Who determines probable cause under the Keeping Children Safe Act?

Not the dependency court holding the hearing:

[T]he KCSA [does not] authorize a court to revisit a probable cause determination that has been made. It is not the responsibility of a court in a KCSA hearing to re-determine whether there was probable cause; rather, the responsibility of the court is to determine whether a court of competent jurisdiction has found probable cause, and then to allow the caregiver to present clear and convincing evidence to rebut the statutory presumption that flows from the probable cause determination.

DCF v. P.F., — So.3d —- (Fla. 5th DCA 2013).

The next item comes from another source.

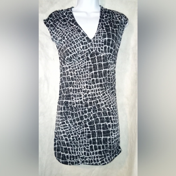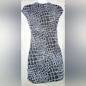 Gray and black low cut poly/spandex top. (Sz. XS)

This increased KCSA case law by 50%. The two previous holdings were:

  • KCSA doesn’t apply in dissolution of marriage proceedings. Leneve v. Leneve, 64 So.3d 196 (Fla. 4th DCA 2011); Mahmood v. Mahmood, 15 So.3d 1 (Fla. 4th DCA 2009).
  • KCSA doesn’t apply to kids who haven’t been sexually abused. In re S.C.,  83 So.3d 883 (Fla. 2nd DCA 2012) (because the legislature doesn’t know how to write a good legislative purpose–please someone fix this).

I can’t believe no parent has raised constitutionality yet. Give it time.